Avoid corticosteroids, including Betamethasone Sodium Phosphate and Betamethasone Acetate Injectable Suspension, in patients with cerebral malaria.

Vaccination Vaccination

Administration of live or live, attenuated vaccines is contraindicated in patients receiving immunosuppressive doses of corticosteroids. Killed or inactivated vaccines may be administered. However, the response to such vaccines cannot be predicted. Immunization procedures may be undertaken in patients who are receiving corticosteroids as replacement therapy, e.g., for Addison’s disease.

Neurologic

Reports of severe medical events have been associated with the intrathecal route of administration (see ADVERSE REACTIONS, Gastrointestinal and Neurologic/Psychiatric sections ).
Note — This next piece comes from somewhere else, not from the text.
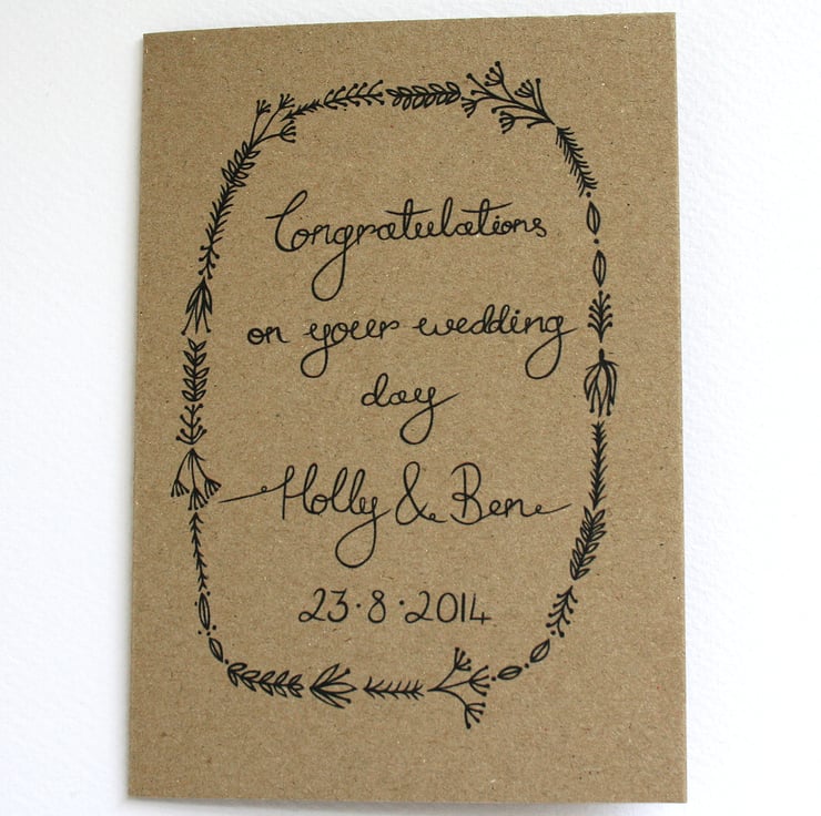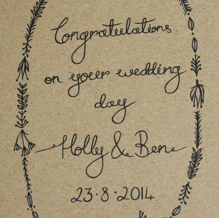 Simple and pretty, personalised congratulations on your wedding day card, with pretty hand lettering and a botanical illustrated frame.

Results from one multicenter, randomized, placebo-controlled study with methylprednisolone hemisuccinate, an intravenous corticosteroid, showed an increase in early mortality (at 2 weeks) and late mortality (at 6 months) in patients with cranial trauma who were determined not to have other clear indications for corticosteroid treatment. High doses of corticosteroids, including Betamethasone Sodium Phosphate and Betamethasone Acetate Injectable Suspension, should not be used for the treatment of traumatic brain injury.

Ophthalmic

Use of corticosteroids may produce posterior subcapsular cataracts, increased intraocular pressure, glaucoma with possible damage to the optic nerves, and may enhance the establishment of secondary ocular infections due to bacteria, fungi, or viruses. Consider referral to an ophthalmologist for patients who develop ocular symptoms or use corticosteroid-containing products for more than 6 weeks. The use of oral corticosteroids is not recommended in the treatment of optic neuritis and may lead to an increase in the risk of new episodes. Corticosteroids should not be used in active ocular herpes simplex. Kaposi's Sarcoma Kaposi’s sarcoma has been reported to occur in patients receiving corticosteroid therapy, most often for chronic conditions. Discontinuation of corticosteroids may result in clinical improvement of Kaposi’s sarcoma.